気運汚染よりも正直厄介すぎるそれは、何としてでも抑え込まないといけないと彼は考えていた。
「何でこんな所にあのフューゲルが!」
「ある装置を受け取りに来ただけだ。魔界復興同盟の話は聞いておる。血徒か……伯爵の知り合いか?」
「ふぁ?俺から見ても敵だっつーの!」
「そうなのか?しかしどうしようもないな。注意喚起することしかできん」
「辺境の町などで、私がかかったのと同じような症状の奴等がいるんだ」
ザジバルナはフューゲルの方を見ても怯えたような様子であり、彼は血徒というのが伯爵と同じ種族なのかを尋ねるが本人の話を聞き、同じ種族同士でも勢力争いが起きているのかを知り困惑する。

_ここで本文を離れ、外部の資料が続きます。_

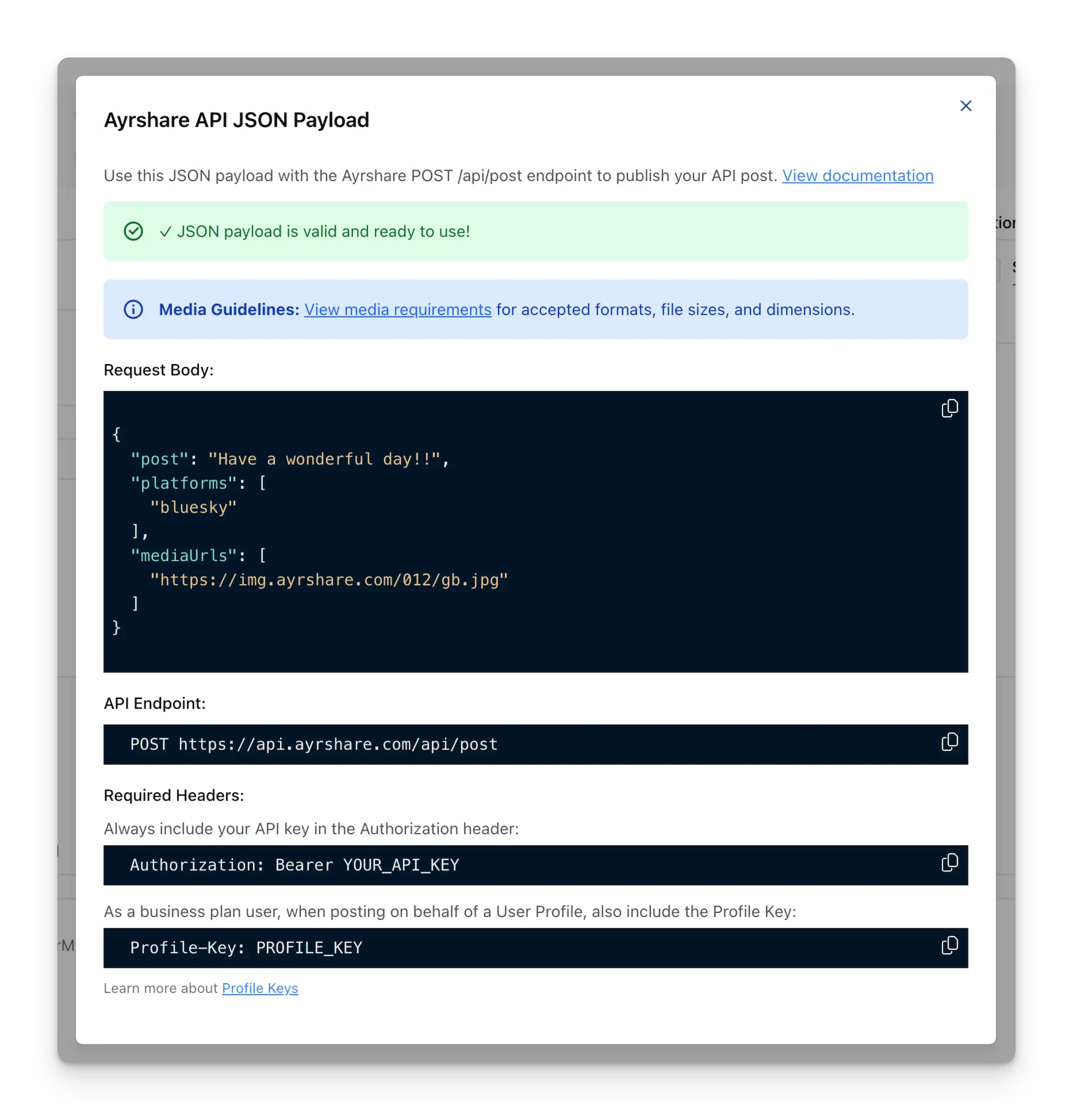 The JSON payload will appear in a modal, showing all the parameters and data that will be used for your post.

また、ザジバルナは自身の症状及び同じような症状を訴える者がいることを説明する。
「分かった分かった。非常に面倒で厄介な存在だというのは理解した」
「悪いが、そちらへの支援はこちらは現状無理だ」
「ああ、分かっておる。あの駄女神に能力を封印されているのは風の噂で聞いたさ。ソロモティクスの復活と紅き災星、血徒に魔界復興同盟の異変、それにPという存在か。複雑に入り組んだ1つの大事件、て所だな。ハーネイト、かなり貧乏くじ引かされてる感じだぞ」
「だとしても、やらなければならないだろうフューゲル」
フューゲルは自分らも集めたいくつかのキーワードを口に出してから、これらは全て最後に1つの答えを結ぶ要因であることを確認し、ハーネイトも同じ意見だと言う。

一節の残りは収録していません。